Once the images are set aside, write out the rest of the records exactly.

(Beginning of RECORDS SHOWN)

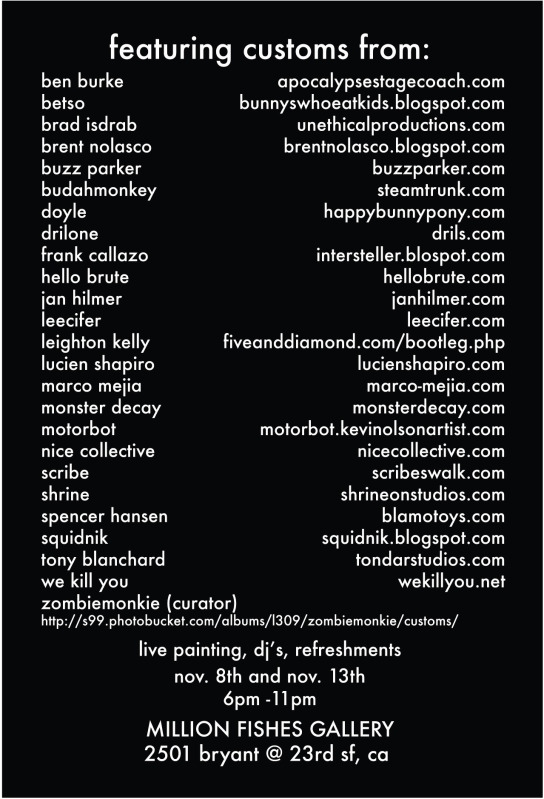 As you can see from the flyer's lineup below, Blamo has tons of well known customizers, a good selection of talented artists (including the creator of Emily Strange), as well as several clothing designers and a few close friends of Blamo all working on a figure. Check out the amazing results at the show.
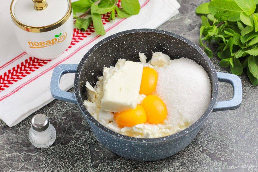 Творог разомните вилкой и выложите в казан или кастрюлю с антипригарным дном. Влейте сливки 33%, всыпьте соль и сахар. По желанию можете добавить немного ванильного сахара. Выложите желтки и масло.
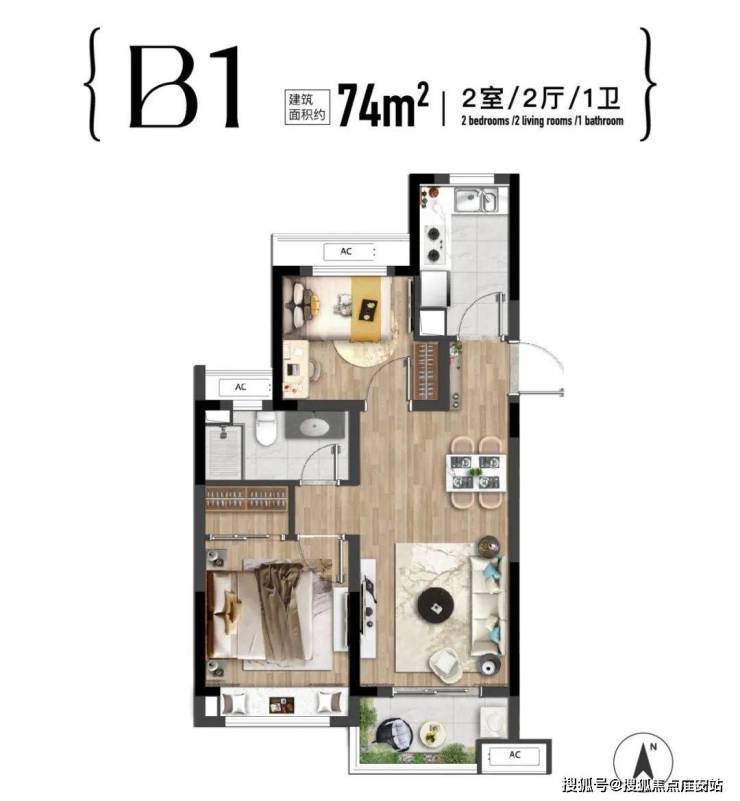 建面约73㎡的2房户型,以其优越的空间布局生动诠释了“小户型也有大面宽”。
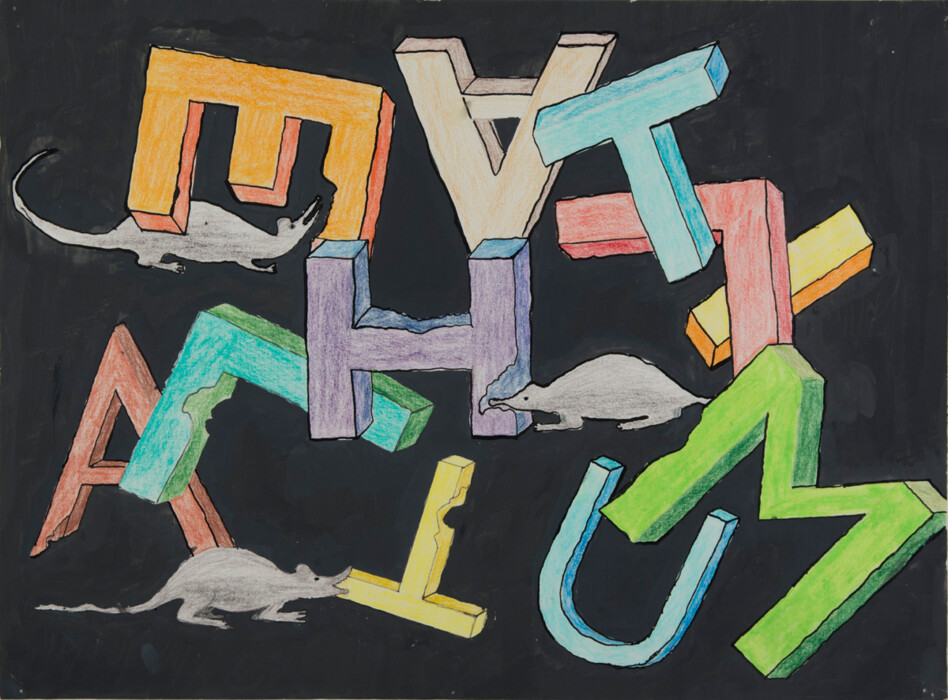 Schrift mit Malerei, Farbkreiden, Farbstiften
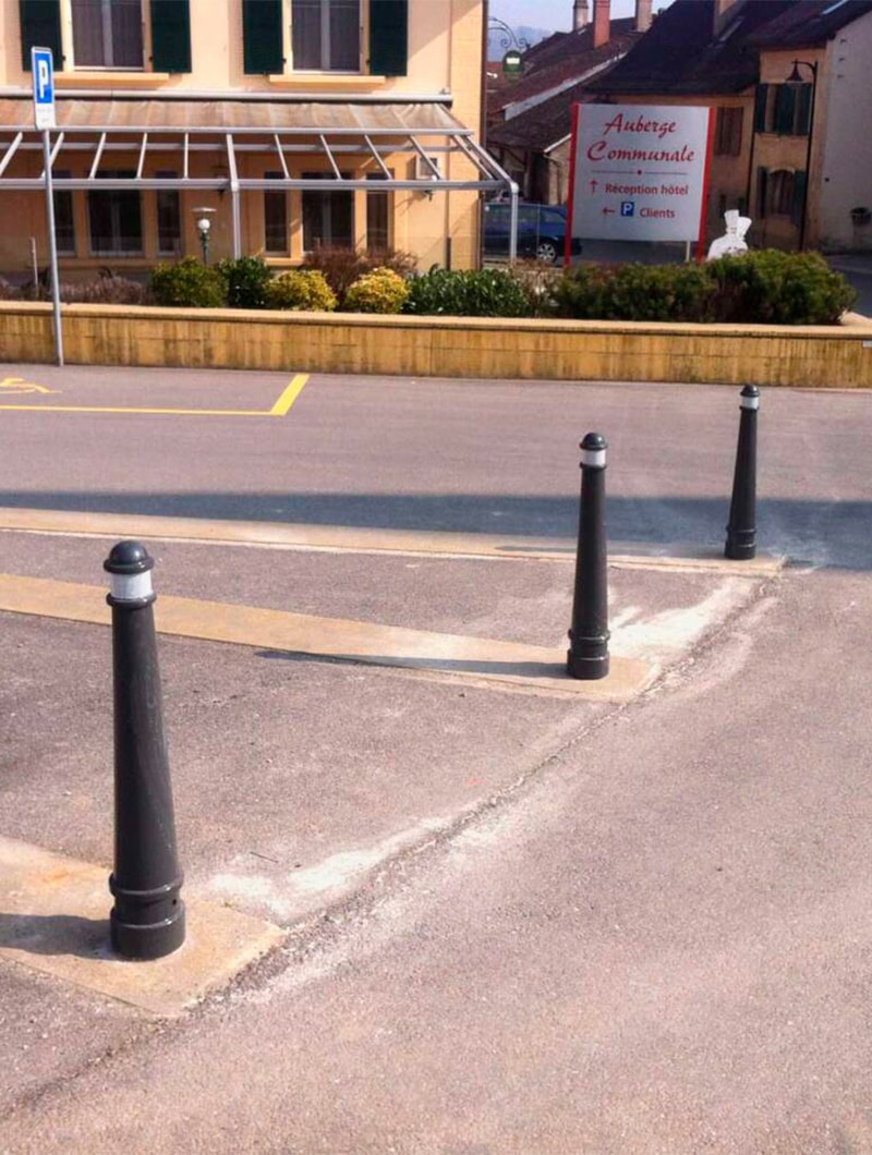 Bolardos flexibles de caucho reciclado para zonas peatonales, aparcamientos, accesos, etc.
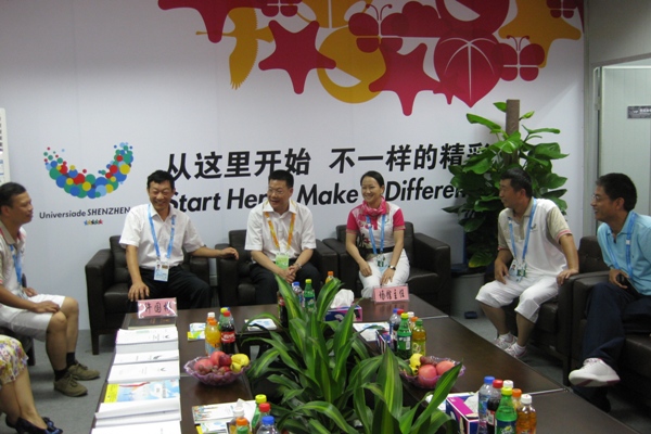 本网讯 8月12日上午,在大运会正式开幕的前夕,仲伟合、许国彬一行首先来到深圳市外办大运会临时办公点,慰问在这里工作的我校学生。仲伟合在慰问中指出,大运会的外事服务工作要求高、工作量大,希望大家鼓足干劲,高标准、高质量完成工作,充分展示广外学子的精神风貌;注意协调与配合,培养团队合作精神,学会包容与理解,抓住机会锤炼自己的各方面能力,进一步完善自己、提高自己。
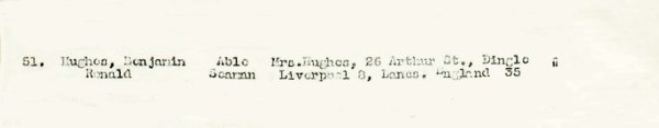 “Able Seaman. Benjamin Ronald HUGHES, C/J. 114923.
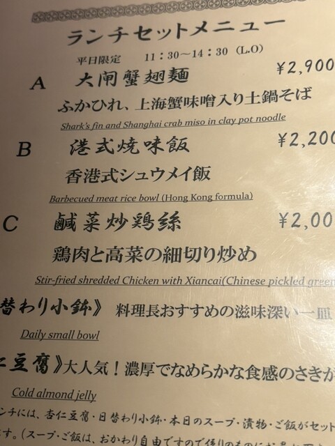 フカヒレが目玉のお店ですが、ランチはBが好評みたいです
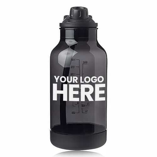 Plastic Water Bottle with Silicone Straw. Plastic Bottom Wrap. Carrying Handle with Flip Open Lid. 64 oz. Capacity Markings
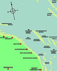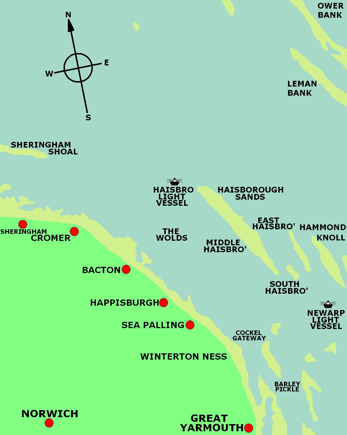 Description: A map of the area of the North Norfolk coast showing sand banks in the area.
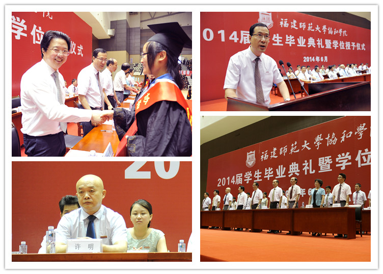 仪式于6月23日上午在福建省大学生体育馆隆重举行。校党委书记黄汉升,副校长王长平,副校长、学院党委书记许明,校资产经营公司、学校办公室负责人,学院领导袁勇麟、黄跃鹏、林鲁文、王知桂、王进安,学院相关职能部门负责人、各系主任及党总支书记、教师代表、毕业班辅导员、部分毕业生家长以及协和学院全体2014届毕业生3200多人参加了典礼仪式。
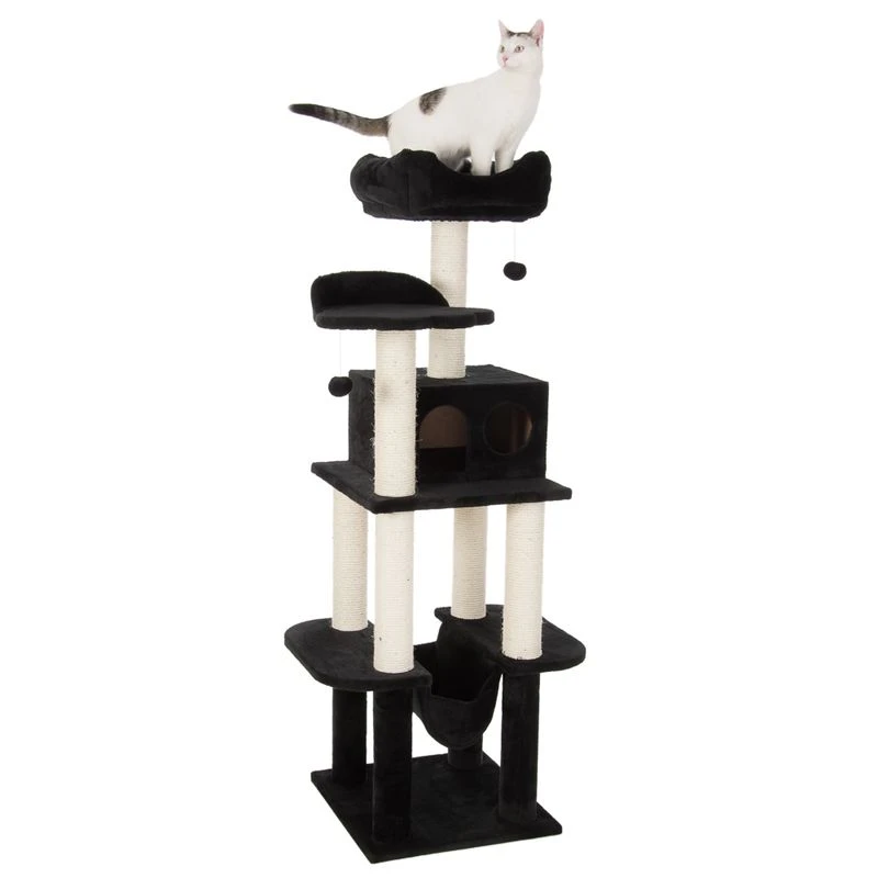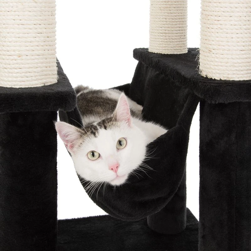 A spacious sleeping and play house on the second level offers your house cat a cosy retreat. The paw-shaped platform with edge is another highlight that invites you to lean back. The top platform is enthroned at the very top, from where your cat has a perfect view of its territory. The removable, cosy cushion provides extra sleeping comfort.
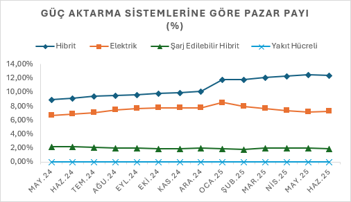 Haziran 2024’ten Haziran 2025’e kadar geçen sürede hibrit araçların pazar payı %8,9’dan %12,4’e yükselerek istikrarlı bir artış gösterdi ve tüketicilerin bu teknolojiye yöneldiğini ortaya koydu. Elektrikli araçlar ise Ocak 2025’te %8,5 ile zirveye ulaşmasına rağmen sonraki aylarda düşüş yaşadı ve Haziran 2025’te %7,3 seviyesinde kaldı; bu da yılın başında tarifeler veya teşvikler nedeniyle öne çekilen talebin etkisini yitirdiğini gösteriyor. Şarj edilebilir hibritlerin payı hafif gerileyerek %1,9’a düşerken, yakıt hücreli araçların pazar payı tüm dönem boyunca %0’da kalarak henüz yaygınlaşmadığını kanıtladı. Genel olarak, tüketicilerin menzil ve altyapı gibi kaygılarla elektrikliye geçişte temkinli davrandığı, bu nedenle hibritlerin kısa vadede daha hızlı büyüme gösterdiği görülüyor.
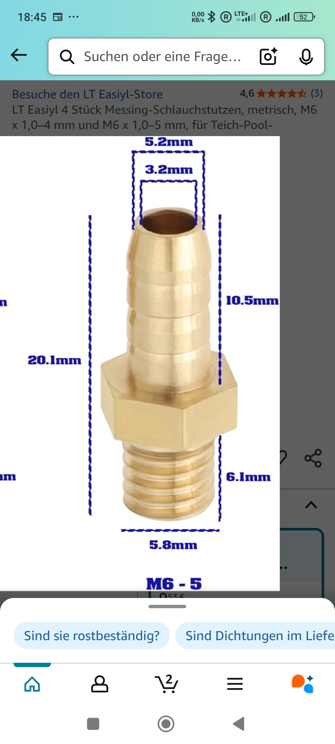 Passt vielleicht noch etwas besser M6 auf 6 mm
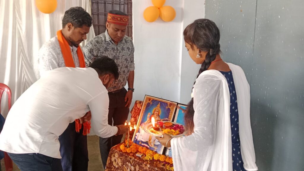 कार्यक्रम का शुभारंभ मां सरस्वती एवं स्वामी विवेकानंद जी के छायाचित्र पर पूजा-अर्चना माल्यार्पण व दीप प्रज्जवलित कर कार्यक्रम का शुभारंभ किया गया। उसके पश्चात राज्य गीत गाया गया।

(End of RECORDS SHOWN)

### WRITTEN SOLUTION
 As you can see from the flyer's lineup below, Blamo has tons of well known customizers, a good selection of talented artists (including the creator of Emily Strange), as well as several clothing designers and a few close friends of Blamo all working on a figure. Check out the amazing results at the show.
 Творог разомните вилкой и выложите в казан или кастрюлю с антипригарным дном. Влейте сливки 33%, всыпьте соль и сахар. По желанию можете добавить немного ванильного сахара. Выложите желтки и масло.
 建面约73㎡的2房户型,以其优越的空间布局生动诠释了“小户型也有大面宽”。
 Schrift mit Malerei, Farbkreiden, Farbstiften
 Bolardos flexibles de caucho reciclado para zonas peatonales, aparcamientos, accesos, etc.
 本网讯 8月12日上午,在大运会正式开幕的前夕,仲伟合、许国彬一行首先来到深圳市外办大运会临时办公点,慰问在这里工作的我校学生。仲伟合在慰问中指出,大运会的外事服务工作要求高、工作量大,希望大家鼓足干劲,高标准、高质量完成工作,充分展示广外学子的精神风貌;注意协调与配合,培养团队合作精神,学会包容与理解,抓住机会锤炼自己的各方面能力,进一步完善自己、提高自己。
 “Able Seaman. Benjamin Ronald HUGHES, C/J. 114923.
 フカヒレが目玉のお店ですが、ランチはBが好評みたいです
 Plastic Water Bottle with Silicone Straw. Plastic Bottom Wrap. Carrying Handle with Flip Open Lid. 64 oz. Capacity Markings
 Description: A map of the area of the North Norfolk coast showing sand banks in the area.
 仪式于6月23日上午在福建省大学生体育馆隆重举行。校党委书记黄汉升,副校长王长平,副校长、学院党委书记许明,校资产经营公司、学校办公室负责人,学院领导袁勇麟、黄跃鹏、林鲁文、王知桂、王进安,学院相关职能部门负责人、各系主任及党总支书记、教师代表、毕业班辅导员、部分毕业生家长以及协和学院全体2014届毕业生3200多人参加了典礼仪式。
 A spacious sleeping and play house on the second level offers your house cat a cosy retreat. The paw-shaped platform with edge is another highlight that invites you to lean back. The top platform is enthroned at the very top, from where your cat has a perfect view of its territory. The removable, cosy cushion provides extra sleeping comfort.
 Haziran 2024’ten Haziran 2025’e kadar geçen sürede hibrit araçların pazar payı %8,9’dan %12,4’e yükselerek istikrarlı bir artış gösterdi ve tüketicilerin bu teknolojiye yöneldiğini ortaya koydu. Elektrikli araçlar ise Ocak 2025’te %8,5 ile zirveye ulaşmasına rağmen sonraki aylarda düşüş yaşadı ve Haziran 2025’te %7,3 seviyesinde kaldı; bu da yılın başında tarifeler veya teşvikler nedeniyle öne çekilen talebin etkisini yitirdiğini gösteriyor. Şarj edilebilir hibritlerin payı hafif gerileyerek %1,9’a düşerken, yakıt hücreli araçların pazar payı tüm dönem boyunca %0’da kalarak henüz yaygınlaşmadığını kanıtladı. Genel olarak, tüketicilerin menzil ve altyapı gibi kaygılarla elektrikliye geçişte temkinli davrandığı, bu nedenle hibritlerin kısa vadede daha hızlı büyüme gösterdiği görülüyor.
 Passt vielleicht noch etwas besser M6 auf 6 mm
 कार्यक्रम का शुभारंभ मां सरस्वती एवं स्वामी विवेकानंद जी के छायाचित्र पर पूजा-अर्चना माल्यार्पण व दीप प्रज्जवलित कर कार्यक्रम का शुभारंभ किया गया। उसके पश्चात राज्य गीत गाया गया।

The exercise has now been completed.